Em “Toda a Terra”, que Ruy Belo publicou originalmente em 1976, ouve-se a voz poética de um homem de 40 anos que, ritmicamente, melodicamente, evoca a morte evocando o mundo
2 abril 2023 14:46
“Para nascer, pouca terra; para morrer, toda a terra”, diz a epígrafe tirada de Vieira; mas se há nesta colectânea de 1976, penúltimo livro de Ruy Belo, uma dimensão espacial (a Praia da Consolação, seu refúgio, a cidade de Madrid, onde dava aulas na Universidade Complutense), o motivo fundamental é a passagem do tempo.

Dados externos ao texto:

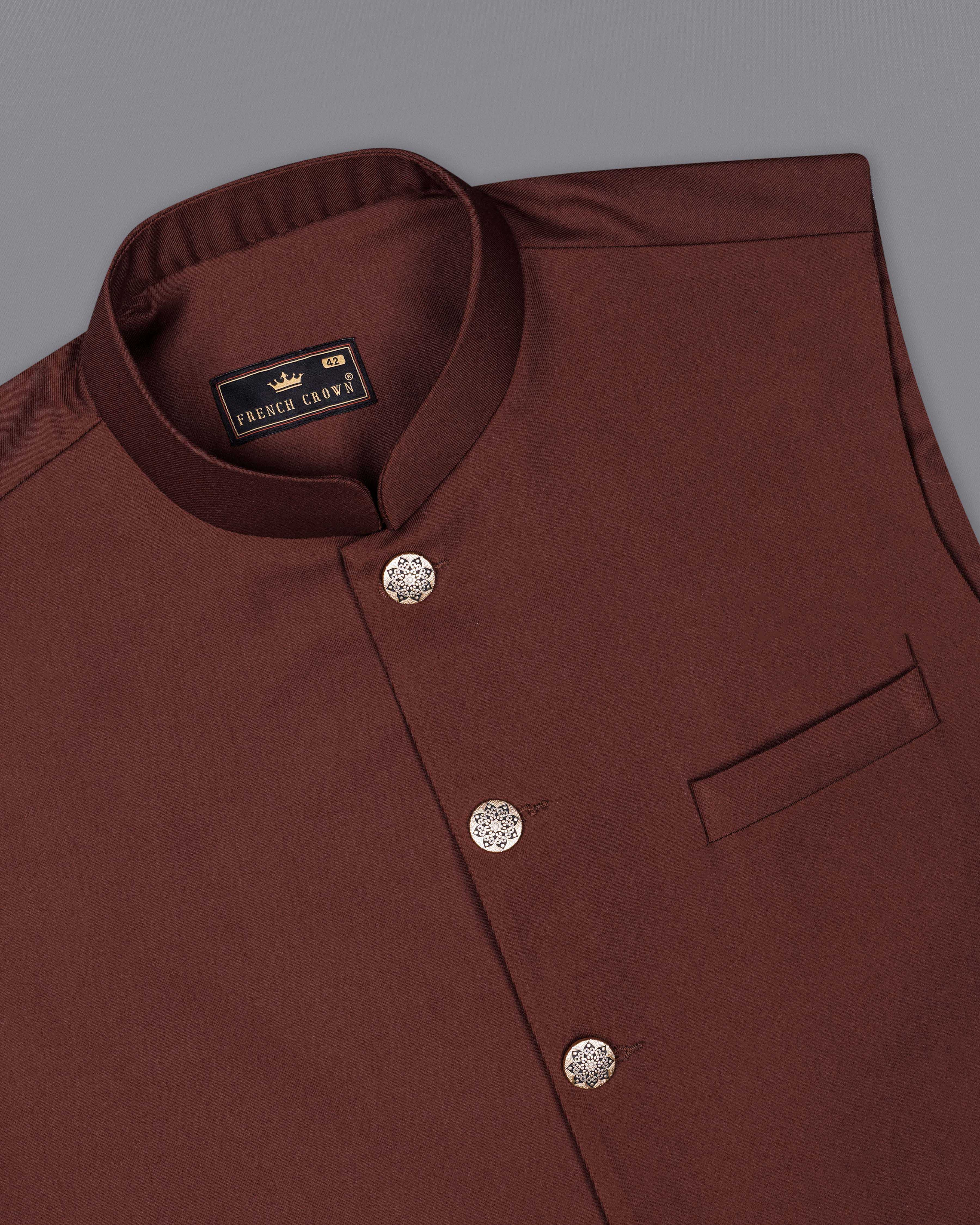 Lonestar Brown Solid Bandhgala Nehru Jacket

“Terra” significa mundo, o estar-no-mundo, mas também morte. Os poemas foram escritos por volta dos 40 anos, mas ninguém diria, tantas são as referências à idade e ao envelhecimento, tão constantes a premonição (“vivi o tempo mínimo devido”), a antecipação do túmulo nos lençóis da cama, a ideia de fim como “solução”, tão insistente o “ubi sunt”: onde estão os mortos, os desaparecidos, os emigrados, os afogados, as vítimas da guerra, as imagens de infância, a exaltação do Verão? Em “Toda a Terra”, o “lastro que a consciência impõe ao pensamento” é, de um lado, o quotidiano reduzido ao mais corriqueiro (lavar os dentes, sentar-se num café) e, do outro, o discurso de grande fôlego que vai do decassílabo ao versículo, em verso livre, sem pontuação, com anáforas, homofonias, assonâncias (uma retórica tributária do barroco e do modernismo, como lembra o prefácio de Luís Adriano Carlos). Ritmicamente esmagador, mesmo quando exasperante, esse mecanismo lírico sustenta uma linha melódica e suscita um auto-engendramento feito de reincidências e oposições. Isso é notório nos poemas sobre encontros ou desencontros amorosos, dos quais se destaca o assombroso ‘Muriel’, poemas nos quais o sujeito conhece pela primeira vez quem já perdeu ou recupera uma imagem que nem sequer existe. E se são diversas as personagens históricas convocadas, de Garcilaso de la Vega a Salvador Allende, o centro do livro é o ‘eu’ em perda, elegíaco, pré-póstumo, já sem deus e agora sem esperança, que ensaia “uma forma de me despedir” e que, se quer ainda alguma coisa, logo acrescenta que “quero só isso nem isso quero”.